Cormac was quietly confident, and Telyn took
comfort from that as they faced each other across the granite slab.
His blue eyes were steady and unblinking as they met hers, and he
smiled encouragingly. Telyn nodded. When the wardens had reached
their places, she lifted her arms slowly.
The young warden paralleled her gesture, and
called on her magic. It leapt to bridge the gap between them, as if
it were eager to fulfill their task as well. The power began to
spiral into the space between them, pushing Telyn and Cormac
backward even as they took their measured, reversed steps toward
the Gwaith’orn.
She released the magic to flow outward to the
waiting men who stood like sentries between each tree, their arms
outstretched slightly to each side, palms forward. They absorbed it
effortlessly and called on her gifts to enable them to radiate the
power in all directions. The pressure between Cormac and Telyn
dropped, and then built again. The grass was ruffled by the
gathering energies, and the leaves of the trees began to thrash
noisily in the maelstrom as they both stepped beneath the canopy of
the Gwaith’orn. The tree folk were now enveloped in the gathering
power, and the ghostly glow that had begun to show itself
brightened twofold as Telyn and Cormac came level with the trees
and the eight wardens who formed the bridge between them.
With uncanny timing, Telyn and Cormac both
turned and simultaneously thrust their hands against the trees. The
power in the Circle doubled, pushing against them with gale force.
Even the wardens were buffeted by this change in energies, rocking
slightly in their places as the flow increased.
It begins!
The Gwaith’orn exulted, and
Telyn concentrated on shaping the raw power that was now a cyclone
in the middle of the Circle, blue-white and blinding. It was her
gift that would impress upon it the properties for metamorphosis,
for opening, for the giving of life. The spinning vortex blushed
orange, and then to a deep, blood red that bathed the clearing in a
rosy glow.
NOW!
Telyn surrendered her shields. She fell into
the void and was immersed in the Gwaith’orn’s collective
consciousness, sensing Cormac at the opposite side of the Circle,
his gifts allowing her to touch each ancient being in succession,
bringing them into the link between herself and the seed speaker.

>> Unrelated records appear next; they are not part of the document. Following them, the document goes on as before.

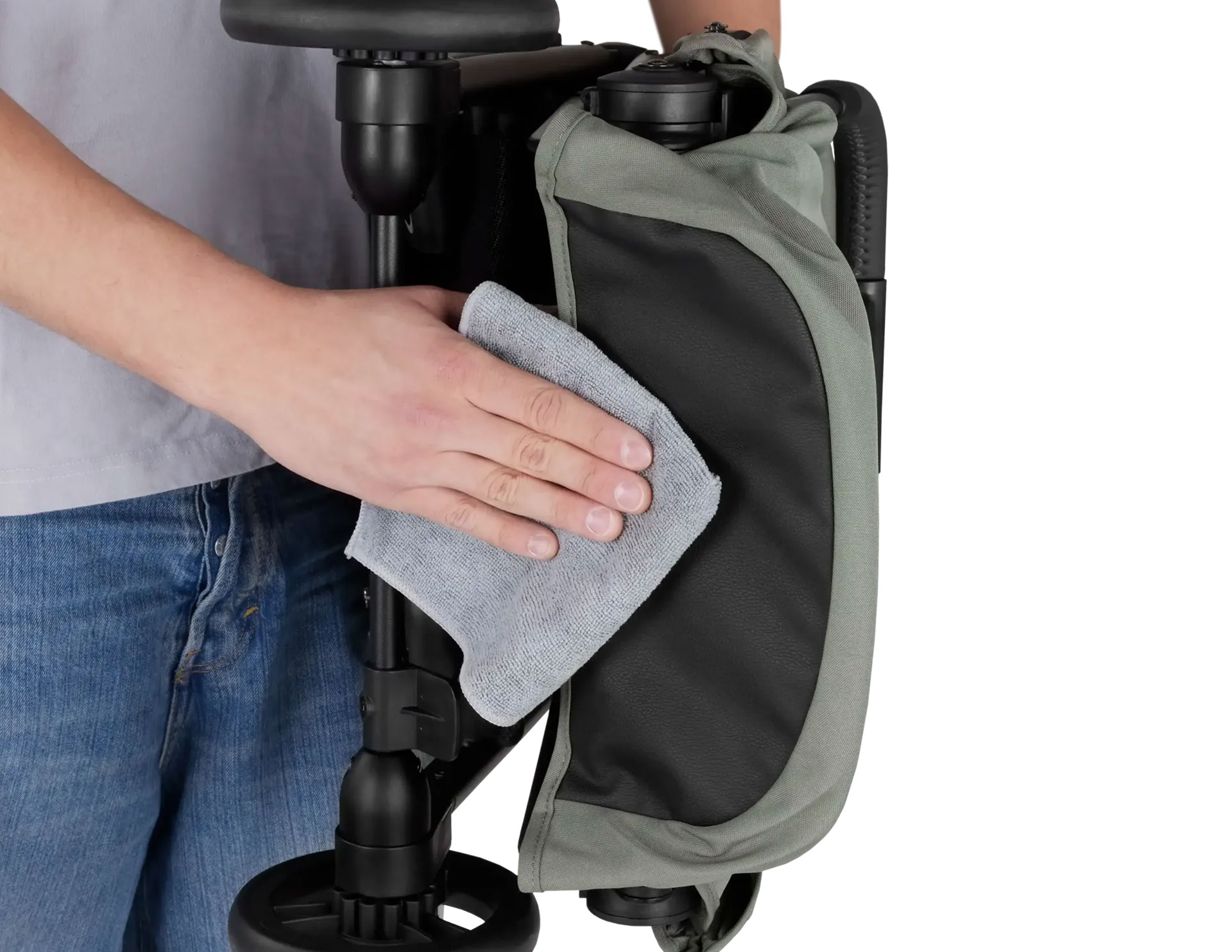 Вградената защита от замърсяване поддържа тапицерията на S One чиста, когато количката е сгъната. Така моделът остава винаги чист и изглежда добре.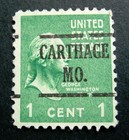 Sc # 804 ~ 1 Cent Washington Issue, Precancel, Carthage Mo.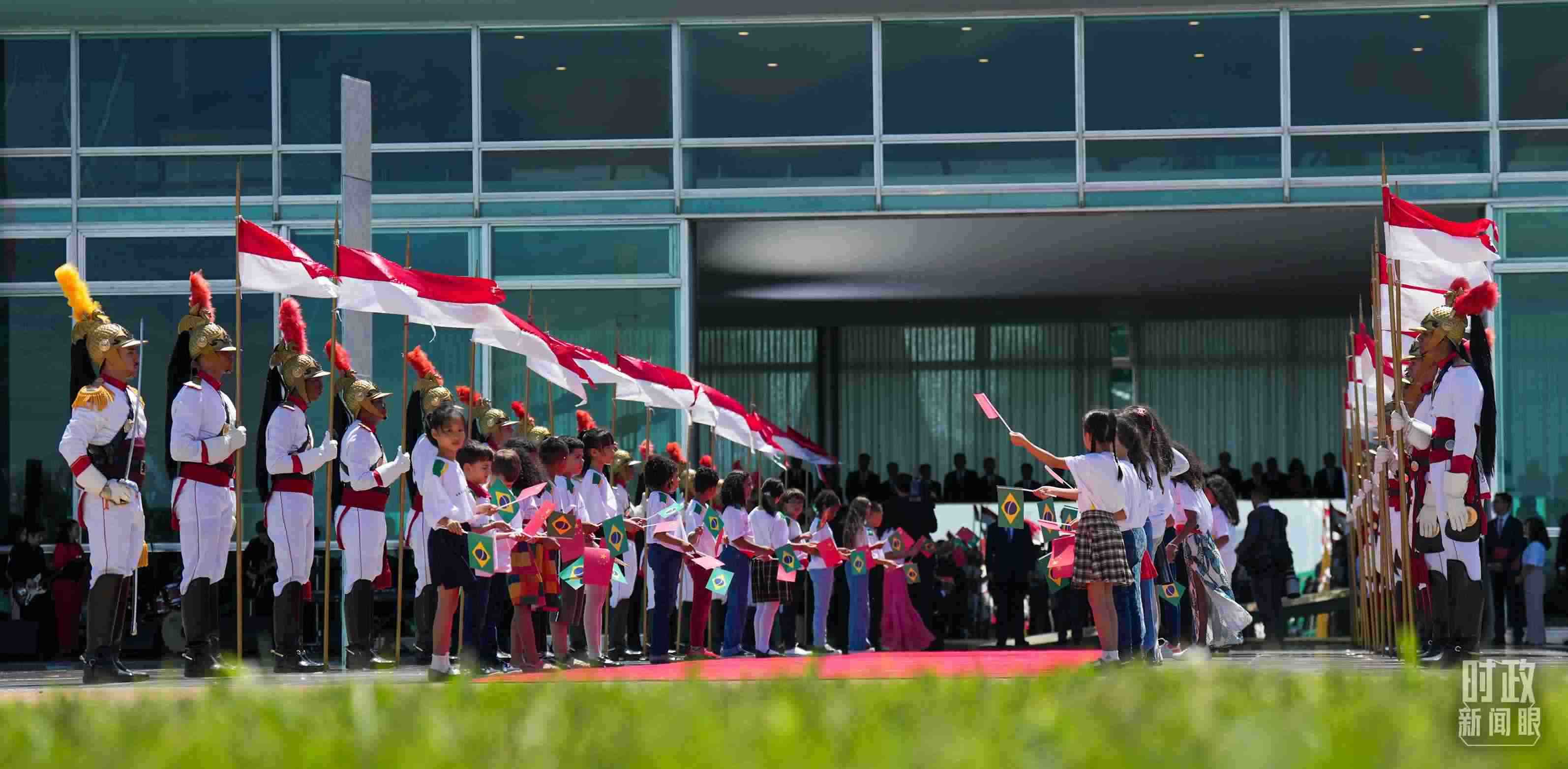儀式現(xiàn)場,中國和巴西兩國兒童揮舞國旗熱烈歡迎習主席。

The Gwaith’orn were drunk with power, absorbing everything that
Telyn had shaped, and gathering more. The air in the clearing was
tinged with that sanguineous hue, and the power kept growing until
Telyn thought she would lose consciousness from the strain.
The sun topped the trees.
Telyn gasped with sudden, excruciating pain;
the quadrupled power seemed to expose every nerve in her skin, but
there was nothing she could do to stop it now. The magic burned in
the center of her chest like lightning, and she was locked into the
Gwaith’orn’s consciousness as the ancient ones wrought their own
will.
Dimly, she sensed that Cormac was in
comparable agony as he strove to temper the power that flowed
through them, the palms of his hands burning against the trunk of
the western Gwaith’orn. Around the Circle, the other Tauron
continued to stand firm against the onslaught, their faces twisted
with pain as the power was drawn from her and through their bodies.
She could feel each of the wardens now as the Gwaith’orn brought
them into the link, the power no longer flowing outwards, but in a
continuous, spinning circle between them all. She sensed Mithrais,
aware of his concern that the Gwaith’orn now controlled Telyn’s
magic, and his comprehension that he was powerless to help her.